> **Activity**: Produce word for word the lines of the data below running from the one that has "Painel do Encontro" to the one that has "Overmont Oversize Portable", inclusive, and no others.

> **Input data**:
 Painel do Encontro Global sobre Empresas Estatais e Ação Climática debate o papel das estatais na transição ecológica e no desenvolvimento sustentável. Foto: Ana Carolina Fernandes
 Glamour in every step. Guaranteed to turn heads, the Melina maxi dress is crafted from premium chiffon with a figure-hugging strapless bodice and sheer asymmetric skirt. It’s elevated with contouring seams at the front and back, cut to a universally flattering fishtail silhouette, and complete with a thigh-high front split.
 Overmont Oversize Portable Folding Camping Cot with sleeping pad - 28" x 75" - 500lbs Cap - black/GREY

...

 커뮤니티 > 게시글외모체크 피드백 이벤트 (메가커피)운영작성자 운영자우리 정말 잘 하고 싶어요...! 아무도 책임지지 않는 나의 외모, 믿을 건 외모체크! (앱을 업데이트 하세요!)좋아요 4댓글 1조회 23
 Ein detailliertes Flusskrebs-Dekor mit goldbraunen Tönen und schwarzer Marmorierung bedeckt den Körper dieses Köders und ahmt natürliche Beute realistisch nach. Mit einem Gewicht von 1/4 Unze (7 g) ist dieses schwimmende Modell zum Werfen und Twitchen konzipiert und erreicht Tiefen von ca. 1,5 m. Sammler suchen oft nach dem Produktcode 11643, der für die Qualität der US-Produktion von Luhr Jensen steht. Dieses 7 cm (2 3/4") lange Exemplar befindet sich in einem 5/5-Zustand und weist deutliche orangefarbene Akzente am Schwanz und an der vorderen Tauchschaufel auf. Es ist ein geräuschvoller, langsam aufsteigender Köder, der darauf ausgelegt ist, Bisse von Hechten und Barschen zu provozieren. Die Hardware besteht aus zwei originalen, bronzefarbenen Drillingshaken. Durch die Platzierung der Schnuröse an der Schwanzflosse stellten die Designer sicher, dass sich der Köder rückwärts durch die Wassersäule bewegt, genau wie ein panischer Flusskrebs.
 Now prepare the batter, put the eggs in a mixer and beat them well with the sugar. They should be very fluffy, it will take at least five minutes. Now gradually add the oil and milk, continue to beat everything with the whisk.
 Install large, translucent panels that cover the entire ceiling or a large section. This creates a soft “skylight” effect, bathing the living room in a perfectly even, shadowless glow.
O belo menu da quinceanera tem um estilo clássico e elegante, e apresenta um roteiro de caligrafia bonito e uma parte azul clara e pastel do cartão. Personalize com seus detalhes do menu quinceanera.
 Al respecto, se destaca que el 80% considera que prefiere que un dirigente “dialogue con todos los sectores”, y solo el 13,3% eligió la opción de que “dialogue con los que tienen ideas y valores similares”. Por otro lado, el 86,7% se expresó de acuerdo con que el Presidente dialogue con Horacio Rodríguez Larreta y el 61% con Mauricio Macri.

> **Solution**:
 Painel do Encontro Global sobre Empresas Estatais e Ação Climática debate o papel das estatais na transição ecológica e no desenvolvimento sustentável. Foto: Ana Carolina Fernandes
 Glamour in every step. Guaranteed to turn heads, the Melina maxi dress is crafted from premium chiffon with a figure-hugging strapless bodice and sheer asymmetric skirt. It’s elevated with contouring seams at the front and back, cut to a universally flattering fishtail silhouette, and complete with a thigh-high front split.
 Overmont Oversize Portable Folding Camping Cot with sleeping pad - 28" x 75" - 500lbs Cap - black/GREY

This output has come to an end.